Plaintiffs objected to splitting the litigation into two phases, which had already been rejected by the court once before, calling for Judge Cecchi to quickly move to adopt a bellwether program, where a small group of representative cases would be selected for trial dates starting in early 2020. While the outcomes of these bellwether trials would not be binding on other claims, they would be designed to help the parties gauge how juries may respond to certain evidence and testimony likely to be repeated throughout the litigation.
In a case management order (PDF) issued on May 18, Judge Cecchi denied the defendants’ motion to bifurcation approach, and ordered the parties to meet and confer on the plan proposed by plaintiffs. The order does not explain Judge Cecchi’s decision, simply stating that it came out of discussions of various issues with the parties in a May 1 case management conference.
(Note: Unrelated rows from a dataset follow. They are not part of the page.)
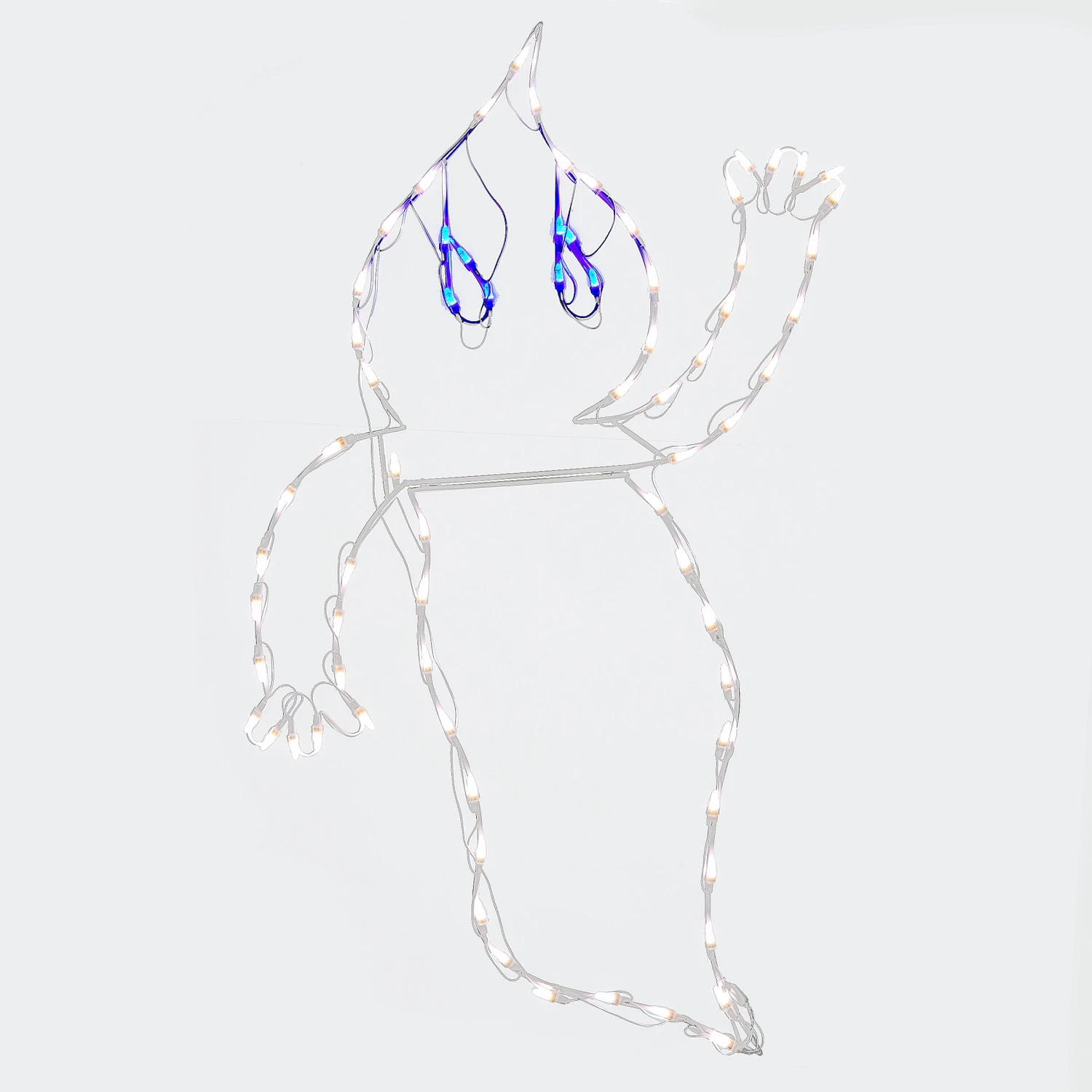 - The decoration depicts a frame shaped in the outline of a waving ghost. The lights attached glow brightly in a combination of white and blue bulbs. To power the lights, simply plug into the nearest wall outlet
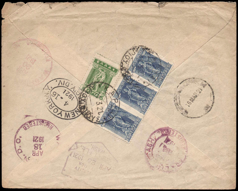 tranzitná fialová pečiatka WASHINGTON. D. C. APR 20 1921,
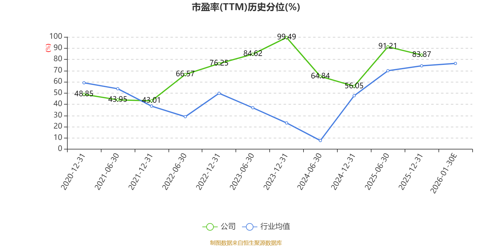以本次披露业绩预告均值计算,公司近年市盈率(TTM)图如下所示:
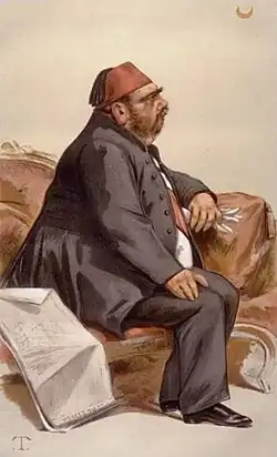 Isma'il Pasha (Arabic: إسماعيل باشا Ismā‘īl Bāshā; 25 November 1830[5] or 31 December 1830 – 2 March 1895), also known as Ismail the Magnificent, was the Khedive of Egypt and ruler of Sudan from 1863 to 1879, when he was removed at the behest of Great Britain and France. Sharing the ambitious outlook of his grandfather, Muhammad Ali Pasha, he greatly modernized Egypt and Sudan during his reign, investing heavily in industrial and economic development, urbanization, and the expansion of the country's boundaries in Africa.

The next status conference is scheduled for June 12, and Judge Cecchi has called for parties to submit a joint status report and agenda ahead of that conference, by June 8.
Proton Pump Inhibitor Kidney Lawsuits
The proton pump inhibitor litigation has rapidly emerged following the publication of several studies, which suggest that users may face certain kidney risks that are not disclosed on the warning labels for the popular heartburn drugs.
In December 2014, the FDA required new warnings for the first time about a form of kidney damage associated with proton pump inhibitors, known as acute interstitial nephritis (AIN), which involves a sudden inflammation of the kidneys, which can lead to more severe problems.
More recent studies have highlighted the potential link between Nexium and kidney problems, suggesting that the popular drugs make also cause users to experience acute kidney injury, chronic kidney disease and end-stage kidney failure, often resulting in the need for dialysis treatment or a kidney transplant.
In January 2016, a study published in the medical journal JAMA Internal Medicine also found an increased risk of chronic kidney disease with the heartburn medications, indicating that users of Nexium, Prilosec and other PPI may be 50% more likely when compared to non-users.
These findings were supported by another study published in April 2016, in which researchers with the Department of Veterans Affairs found that users of Nexium, Prilosec or other PPIs may be 96% more likely to develop kidney failure and 28% more likely to develop chronic kidney disease after five years of use.
Following any pretrial proceedings in the MDL, as well as potential “bellwether” trials, if the parties fail to reach settlements or another resolution for the litigation, each individual lawsuit may eventually be remanded back to the U.S. District Court where it was originally filed for a separate trial date.